County road workers were assigned to 10-hour workdays starting Tuesday as the first step in addressing concerns aired at a public meeting last week.
Road and bridge superintendent Randy Crawford verified that a temporary work schedule would start immediately after county commissioners suggested it Monday.
The work schedule will continue until immediate problems are addressed. Workers will not earn overtime but will instead receive 1½ hours of compensatory time off for every hour worked past 40 hours.
Commissioners suggested having road workers take those hours off on days when weather or equipment repairs prevent them from performing their jobs.
“This isn’t going to be solved overnight,” Crawford said after Monday’s commission meeting. “I wish I had an answer, I wish I knew everything. But I’d be in a damned rubber room in a mental hospital if I did.
“Sometimes I’m glad I don’t drink, but sometimes I wonder why I don’t.”
Still under investigation is whether workers can be forced to take paid time off when weather or equipment repairs do not allow them to do their jobs.
“The only issue that really needs to be clarified is whether we can or will require employees to use ‘comp’ time when they are off for a ‘rain day,’” County Clerk Tina Spencer said Tuesday.
Commissioners will meet again Friday, when they hope to have answers to such questions, and reviewing other ideas they brainstormed Monday.
Ideas included having people with road issues fill out a form with a road department secretary instead of calling Crawford or stopping workers while on the job.
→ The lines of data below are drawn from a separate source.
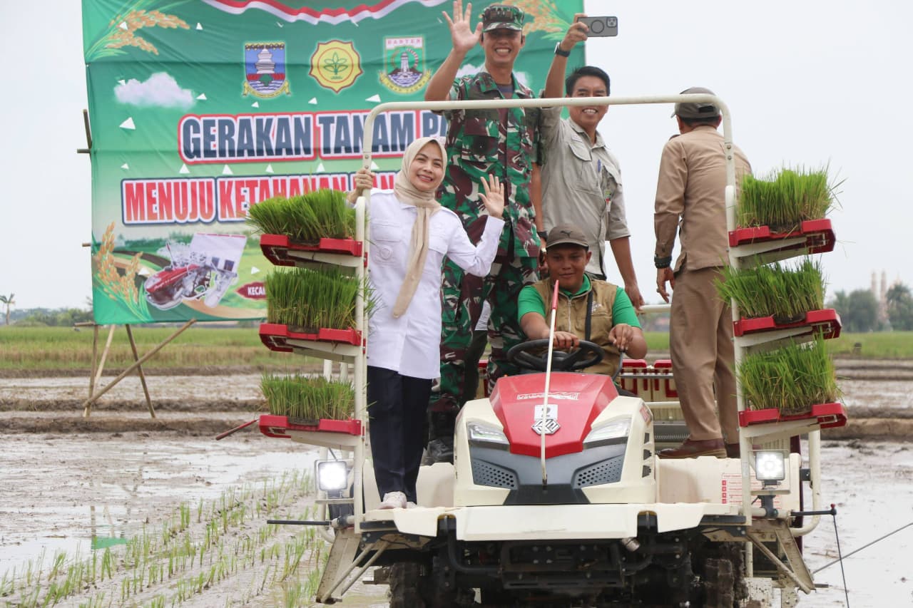 Bupati Serang Ratu Rachmatuzakiyah melakukan percepatan gerakan tanam padi modern dengan menggunakan alat mesin pertanian atau alsintan berupa Transplanter di Desa Margasana, Kecamatan Kramatwatu pada Senin, 29 September 2025.
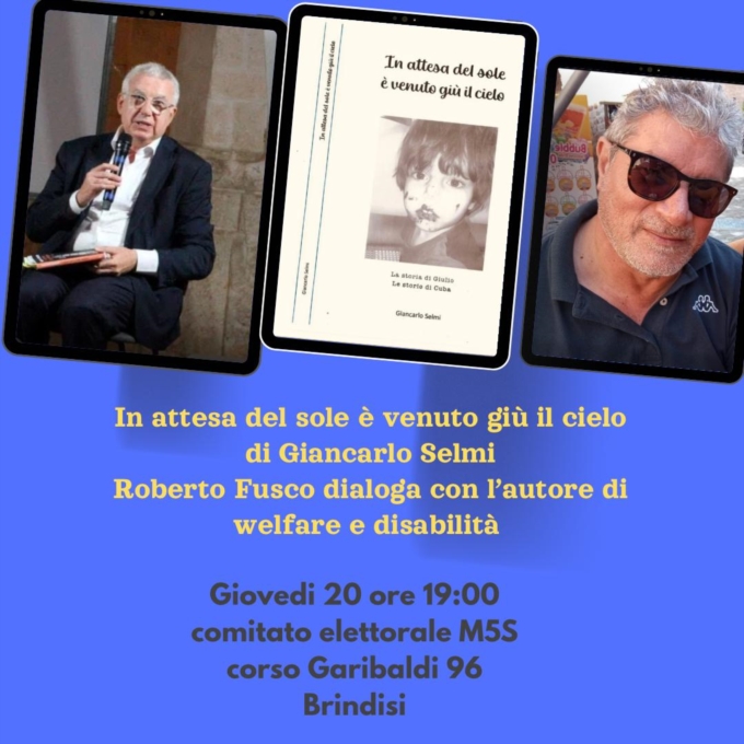 "In attesa del sole è venuto giù il cielo". È il titolo del libro che verrà presentato questa sera alle ore 19 presso la sede elettorale del candidato Roberto Fusco per il Movimento 5 Stelle al Consiglio Regionale della Puglia.Si tratta di un racconto su un bimbo speciale e straordinario. Su quanto la disabilità possa incidere nella vita delle persone e su quanto una famiglia di un disabile debba lottare per assicurare, al disabile stesso, la migliore qualità di vita possibile.
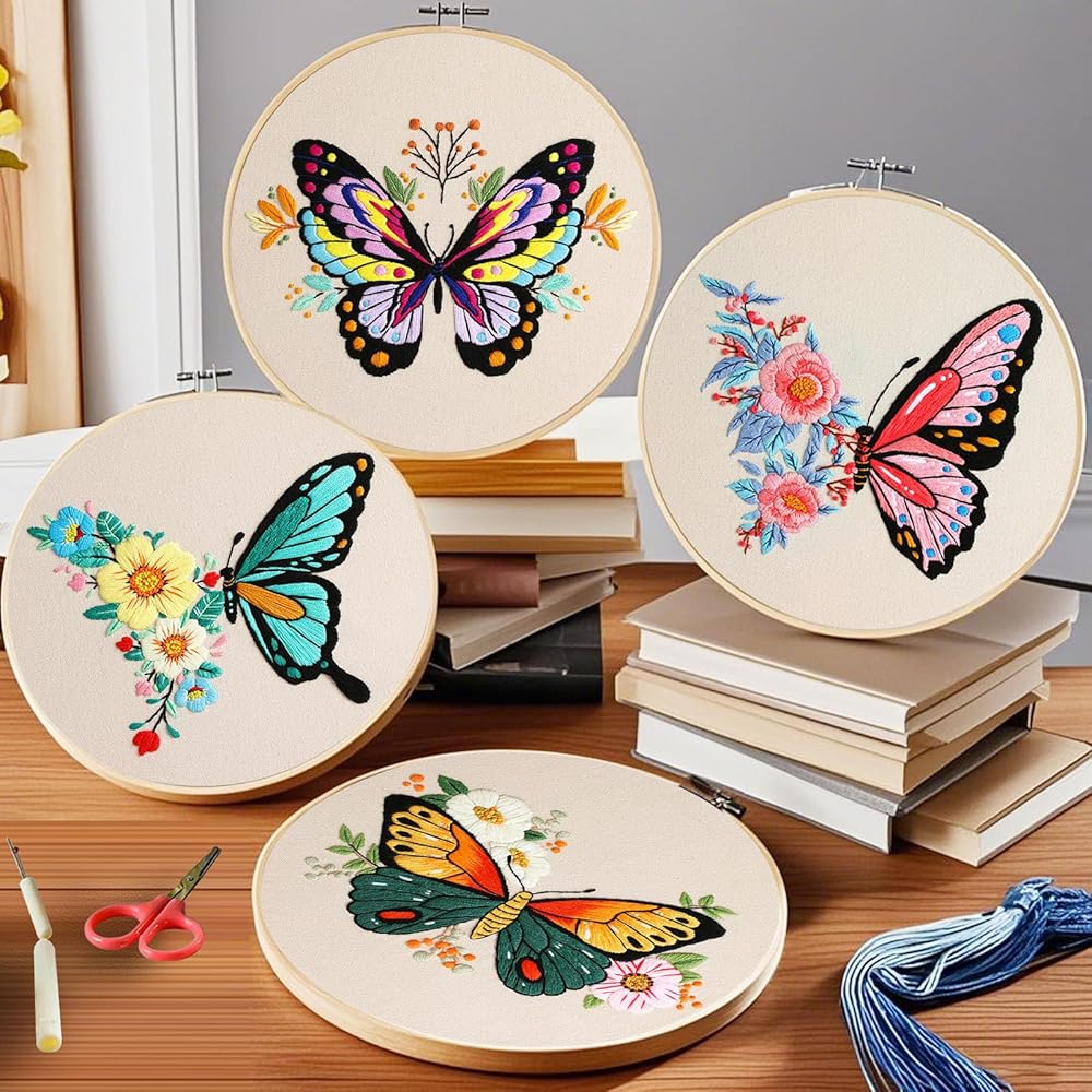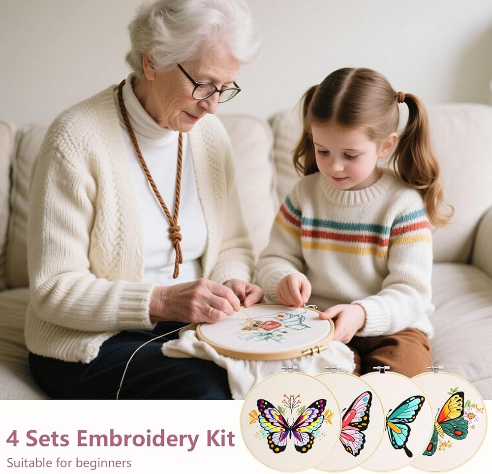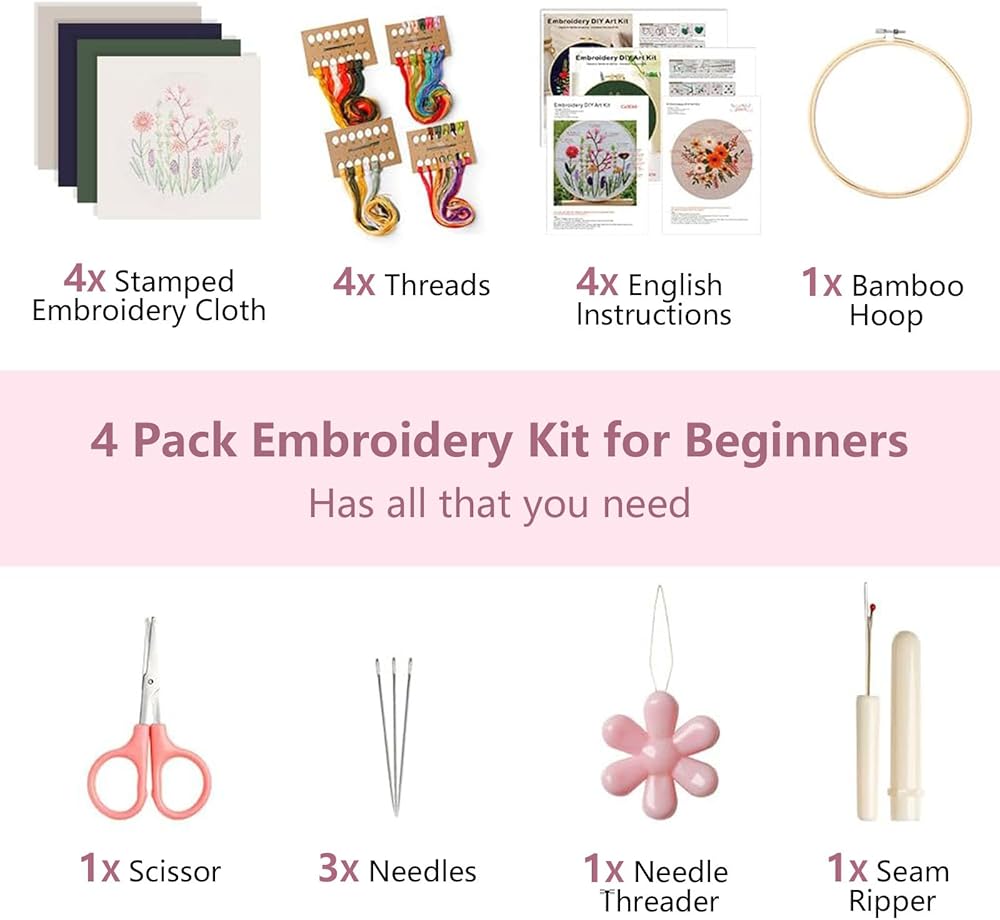【The Perfect Holiday Gift】Everything you need to start embroidering is here. The embroidery kit includes 4 pieces of fabric with patterns, 1 embroidery hoops, 1 needle, 1 seam ripper, 1 pair of scissors, colorful embroidery threads, 12 embroidery needles, and 4 English instruction books.

Officials also have asked county schools to submit updated bus routes to determine priorities for road work.
Another suggestion was installing a global positioning system to track road workers and create a record of what roads have been repaired. Not all commissioners were sold on the idea, however.
“We need to trust the employees,” Dallke said.
“Trust but verify,” Chairman Dan Holub responded.
Before spending more than three hours discussing ideas, Holub had asked commissioners about the previous week’s public meeting: “Everybody have fun Monday?”
Dallke responded that he was glad to hear from citizens, but “I wish they could give us time to change things. Everybody wants to attend a hanging.”
Commissioner Lori Lalouette, who is Randy Crawford’s spouse, said: “The complexity of the situation and everything that’s involved — I don’t think people see it. Until I came in here and went through the budget I don’t think I understood it that well myself either.”
Holub was surprised how many people attended the public meeting.
“Not even the casino got people out like this,” he said. “Lots and lots and lots of frustration. I understand that. I live on those roads, too.”
Holub also said lack of agreement over courses of action was one of many problems.
“We’ve got internal problems with people who have different ideas on how to fix them,” he said. “It’s going to be like eating an elephant — one bite at a time. It won’t happen quickly or even before the election.”
In other business:
- Commissioners disapproved of any further interest in a proposal from Jeff Berger with Van Keppel, a construction equipment firm, for an excavator track hoe due that could be used to help with roads. “We do need that piece of equipment someday,” Dallke said, “but I don’t know if we need it today.”
- Commissioners approved a $45,390 bid from Middlecreek Corporation to fix the Kanza bridge between 250th and 270th Rds. Commissioner Randy Dallke suggested submitting the project for federal disaster relief funding. The bridge has been closed for a week because of erosion of its underpinnings. Middlecreek said it was able to start work this week.